At Enterprise World last July, OpenText unveiled a broad range of updates, including OT2 (OpenText 2), a platform that delivers content services in the cloud. The stack is built on the latest and greatest open source technologies, including Cloud Foundry (PaaS), Kafka and ELK, and developers can leverage Spring to create microservices. This not only gives enterprises a large pool of talent to lean on when they need apps built, but OpenText is also providing no and low code tools to build with.

This week at an event in San Francisco, OpenText announced a partnership with Google Cloud and unveiled OpenText Release 16 Enhancement Pack 5 (EP5), OpenText Business Network Cloud 16.10, and a series of new SaaS-based applications for the legal, life sciences and HR markets on OT2.

The overall goal? To help OpenText users to connect to the content they need anytime, from anywhere, in the right context in a way that is convenient, agile and secure.

Take for example a pharmaceutical executive who needs to view approve or a apply a minor edit to a document quickly. Because of the regulations and security involved, this may mean logging in from a computer, searching through a folder, finding the right sentence or chart and so on… With a new app like OpenText Quality Center (built on OpenText Documentum for Life Science and Opentext Life Science Express) which was delivered yesterday, the pharmaceutical executive whose input is needed can view the content from her phone at her daughter’s soccer game without missing the first time her kid scores a goal. Not only that, but her coworkers involved in the workflow don’t have to sit around waiting until the game is over. An app like this can impact everything from patient safety, to time-to-market, to employee and customer satisfaction to the company’s bottom line. This is a scenario that could play out with one of the O2T apps delivered today.

Legal Center Onboarding dashboard

Other apps include the OpenText Legal Center — a cloud-based, process-centric approach to addressing specialized legal use cases like client onboarding, external sharing and collaboration and document management, as well as Extended ECM for SuccessFactors Public Cloud Edition — the latest collaboration between SAP and OpenText, delivering secure content management solutions for SAP’s talent management platform.

These apps are an example of OpenText’s “embrace and extend” strategy, according to Stephen Ludlow, vice president of product marketing.

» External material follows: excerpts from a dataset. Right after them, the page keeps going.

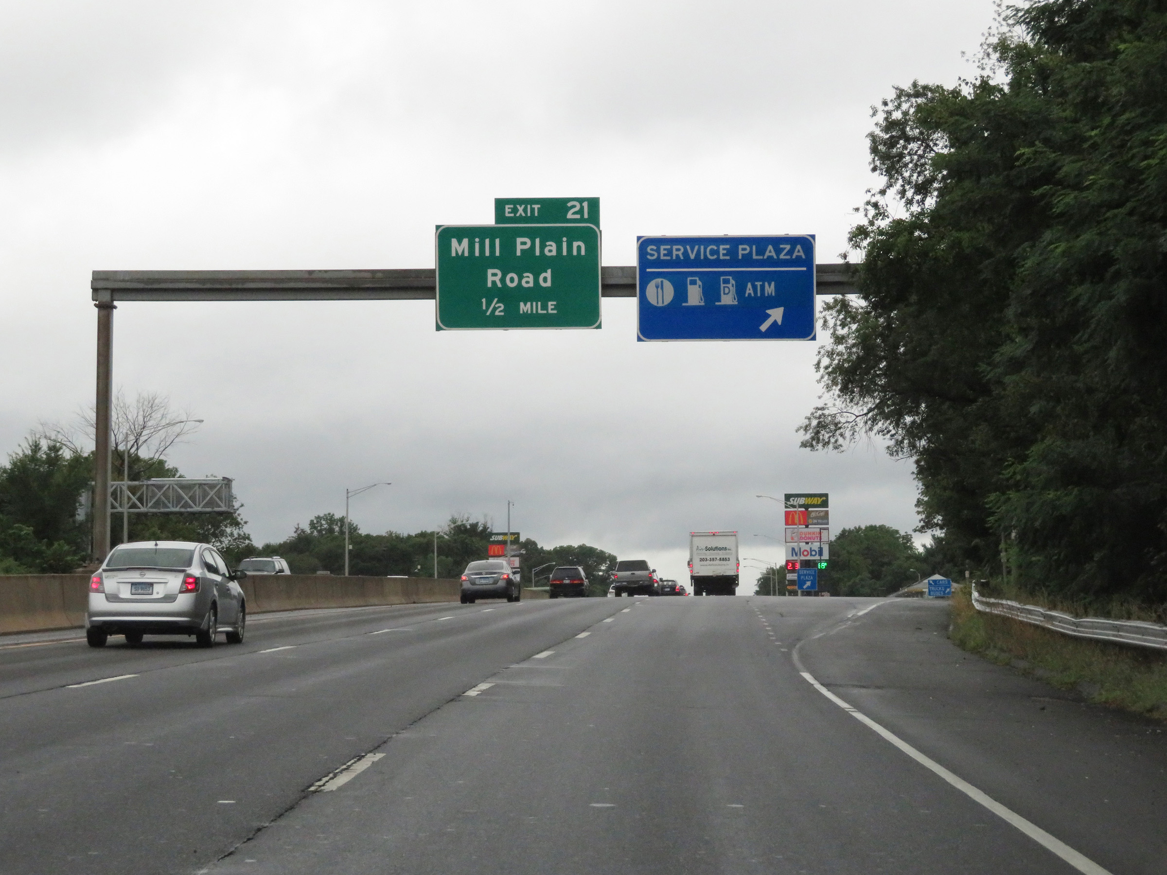 Interstate 95 South at Exit 21: Mill Plain Road (Photo taken 8/5/17). |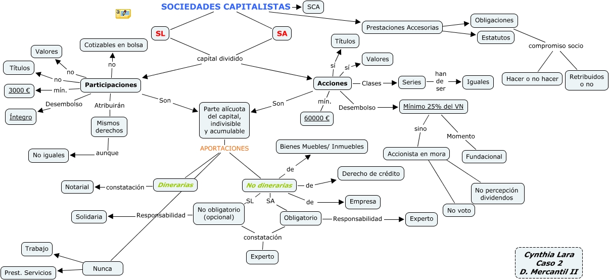 Este Cmap, tiene información relacionada con: Cynthia_Lara_M3_Familia Gras Fortuny_ Caso 2, Mismos derechos aunque No iguales, Series han de ser Iguales, Parte alícuota del capital, indivisible y acumulable APORTACIONES Dinerarias, SA capital dividido Acciones, Acciones Desembolso Mínimo 25% del VN, Obligaciones compromiso socio Retribuidos o no, No dinerarias de Empresa, Dinerarias constatación Notarial, Parte alícuota del capital, indivisible y acumulable APORTACIONES No dinerarias, No dinerarias SL No obligatorio (opcional), Obligaciones compromiso socio Hacer o no hacer, Acciones mín. 60000 €, No dinerarias SA Obligatorio, Mínimo 25% del VN sino Accionista en mora, No obligatorio (opcional) constatación Experto, Participaciones no Valores, Acciones sí Valores, No obligatorio (opcional) Responsabilidad Solidaria, Participaciones Atribuirán Mismos derechos, Nunca ???? Prest. Servicios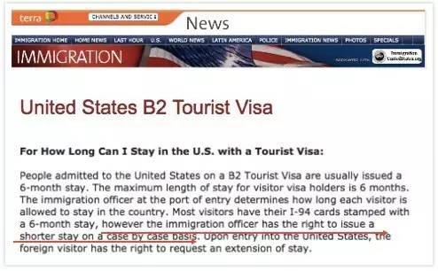 美國移民局官網(wǎng)規(guī)定:移民官有權(quán)決定入境的停留時間

OpenText’s Google partnership falls on the other end of the spectrum. It is the first step OpenText has made aimed at helping its customers move their OpenText investments to a public cloud. The partnership is expected to deliver a containerized application architecture for flexible cloud or hybrid deployment models. Similar initiatives with AWS and Microsoft Azure will follow.

But OpenText isn’t rushing anyone to lift now, or ever, for that matter. Ludlow says that OpenText will continue to build for on-premise, managed service, private cloud, and public cloud. The aim is to support customer moves to the cloud when they are ready and to the destination of their choice. “Our goal is to provide a path for them,” he says.

There is something new in the release for Documentum developers too — the Smart UI for Documentum D2, a common, flexible, responsive UI across OpenText content services.

As with any acquisition and any new release, the big question is “Are you better off today than you were yesterday?” By this measure Deep Analysis analyst Alan Pelz-Sharpe offers a thumbs up, “OpenText has been investing heavily for a while now and by ECM standards they are comfortably ahead of the pack in that department. Ensuring Documentum is leveraging OpenText’s other assets is a good thing,” he says, adding that a look at OpenText’s revenues confirms his sentiment.